As Dave said check what is in your @user variable with @user.inspect
Can you post the actual controller code, and the view code please. It’s a little hard to guess what’s happening
def show
@users = User.find(:all, :conditions => [ “user_id = ?”, params[:id] ])
end
You can change this to
def show @users = User.find_all_by_id( params[:id] )
end
It will be auto sanitized for you.
You need to wrap up the view to run for each user. You’re passing it an array so you need to go through each element of it.
<% @users.each do |user| %>
<% for column in User.content_columns %>
<%= column.human_name %>: <%=h user.send([column.name](http://column.name)) %>
<% end %>
<%= link_to ‘Edit’, :action => ‘edit’, :id => user %> | <%= link_to ‘Back’, :action => ‘list’ %> <% end %>
That should do the trick for you. Please let me know if you don’t get anything there.
HTH Daniel
mmm That’s strange. I’m able to use it. It’s a standard method.

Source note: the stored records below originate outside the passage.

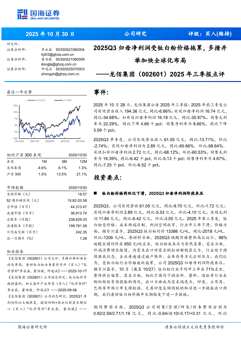 龙佰集团:国海证券-龙佰集团-002601-2025年三季报点评:2025Q3归母净利润受钛白粉价格拖累,多措并举加快全球化布局-251030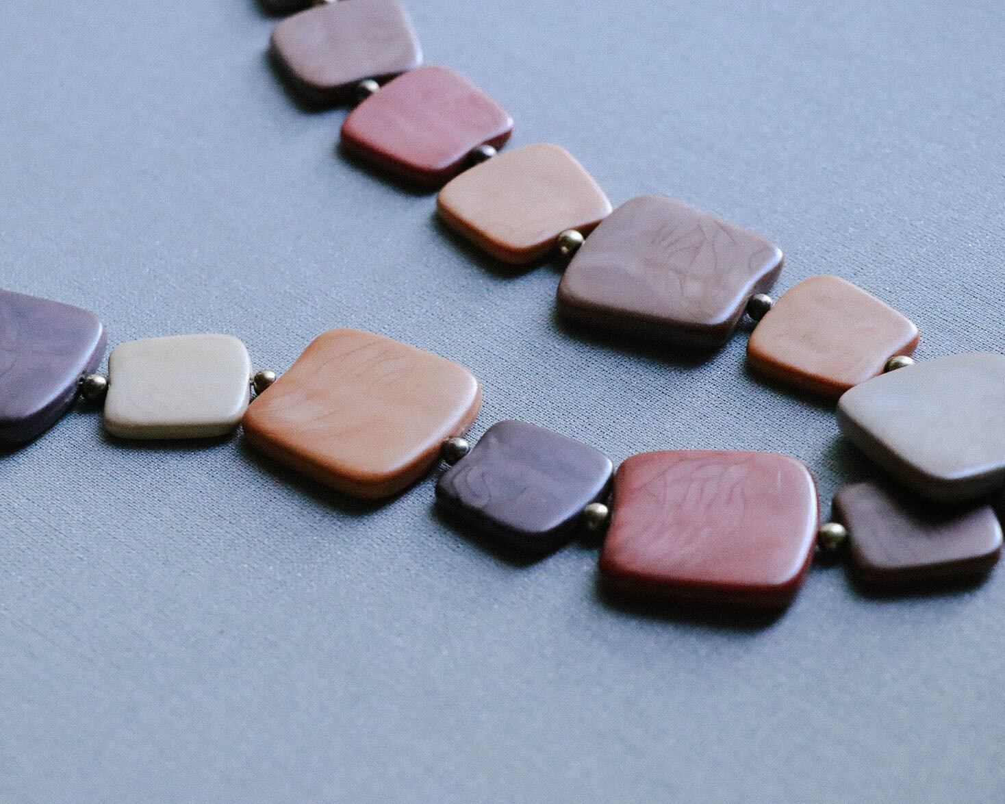 ランダムなサイズのウッドモチーフが連なるヴィンテージネックレス。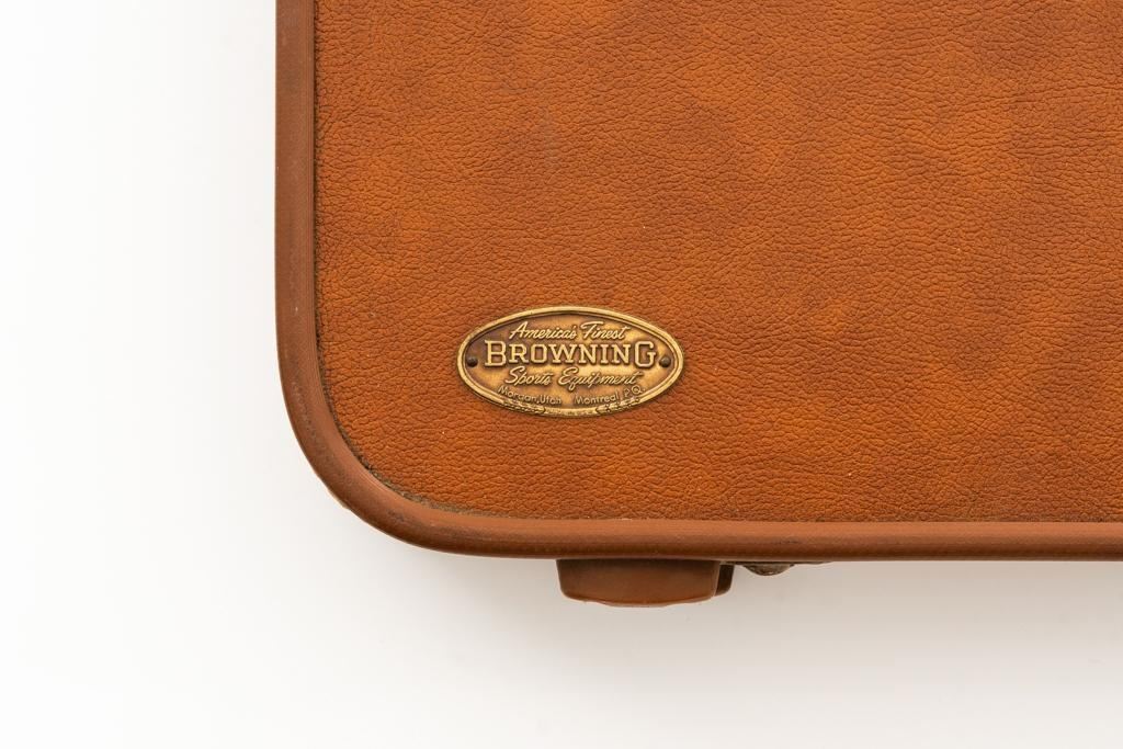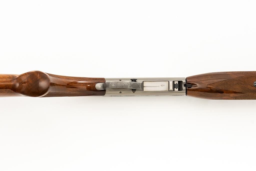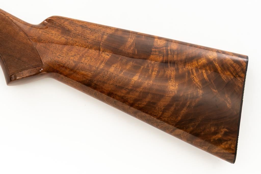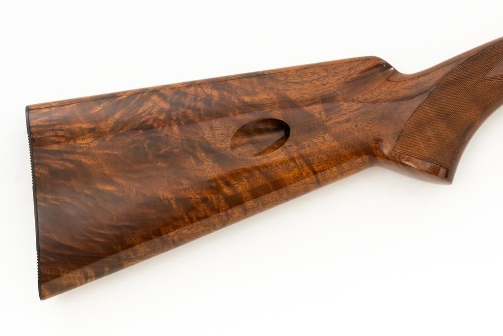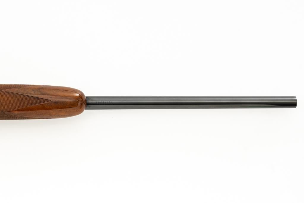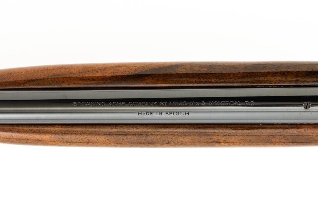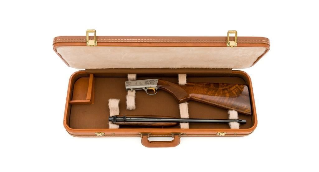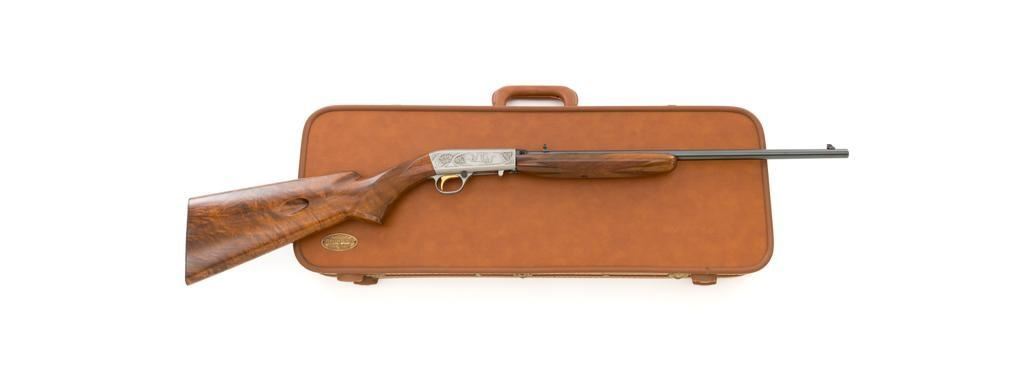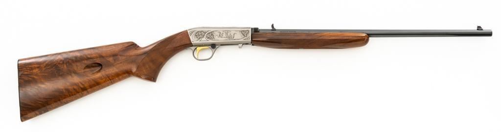 Jules Lwanczk Engraved Belgian Browning SA-22 Grade II Semi-Automatic Rifle, #70T45991, .22 LR cal., 19-3/8'' blued barrel, with engraved French gray receiver; finely checkered, highly figured, gloss finished walnut pistol grip stock and forend. Rifle also features a dovetailed brass bead blade front sight, notched folding rear sight, and gold colored trigger. Marked ''MADE IN BELGIUM'' on the left side of the barrel. Receiver was factory engraved by master engraver Jules Lwanczk, with game scenes on both sides and top of the receiver, surrounded by floral scroll engraving; signed on top with engravers initial ''JL''. Mfg'd 1970. Includes a Browning Naugahyde luggage case with two (2) keys. Rifle is in excellent overall condition, retaining approx. 99% factory blue. There are a few very minor specks of darkening on the lower left edge of the receiver, as well as mild dark spotting on the lower left edged of the breechblock finger piece. Buttstock with beautiful figure, crisp checkering, and only a few very minor handling marks. No salt wood damage. Action functions smoothly. Bore is bright with defined rifling. Browning case is in excellent overall condition. Est.: $1,500-$1,800. (C&R/PPT)
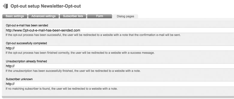 Enter a name and an optional description. Choose the 'mode' (important). The following modes are supported by 'asnm e2M': Double-optout with confirmation e-mail: after unsubscribe from your website or your newsletter a confirmation email will be send automatically. Optout will be activated after clicking the confirmation link in this email. After successful unsubscription the former subscriber will get a last email („You unsubscribed successfully of our newsletter.“) Double Optout: Like described before, but without sending of a „successful unsubscription“ e-mail Confirmed Opt-Out (recommended): After unsubsubscription on your website or in your newsletter a „successful unsubscription“ email will be sended immediately. Single Optout: No e-mails will be send. There just will be a message in your browser, that optout was successfull. In Tab 'advanced settings' you can deposit your e-mail address in field 'e-mail forwarding', to be informed about unsubscriptions. Tab 'subscriberlists': Choose your favorite subscriberlist(s), where all unsubscriptions should be logged out. Select the subscriberfields, which should be filled out by your subscribers in tab 'Form'. After clicking 'create form fields' a popup appears, where you can choose and add subscriber fields to your form. Click 'sort formular fields' to arrange your fields. Click 'test form' to open a new tab in your browser with a preview of your form. Source Code of your website is genereated by 'asnm e2M' by clicking 'Formular soruce code'. A popup appears with your source code. Last tab: Dialog pages |

Have you had a look in console to see what’s going on? This is really helpful.
Alternatively you could use a simple find_by_id
User.find_by_id( params[:id] )
But this changes it a bit. You don’t need to go through an array now since it will provide either a user record or nil
The controller action becomes
def show @user = User.find_by_id( params[:id] ) end
And the view <% unless @user.nil? %> <% for column in User.content_columns %>
<%= column.human_name %>: <%=h @user.send(column.name) %>
</p>
<% end %>
<%= link_to 'Edit', :action => 'edit', :id => @user %> |
<%= link_to 'Back', :action => 'list' %>
<% end %> <% end %>
In your rails directory type
ruby script/console
This will give you a command prompt. You can type ruby in that will be executed in the rails environment
so user = User.find ( :first ) should return the first user in the database.
Your user is an ActiveRecord class right?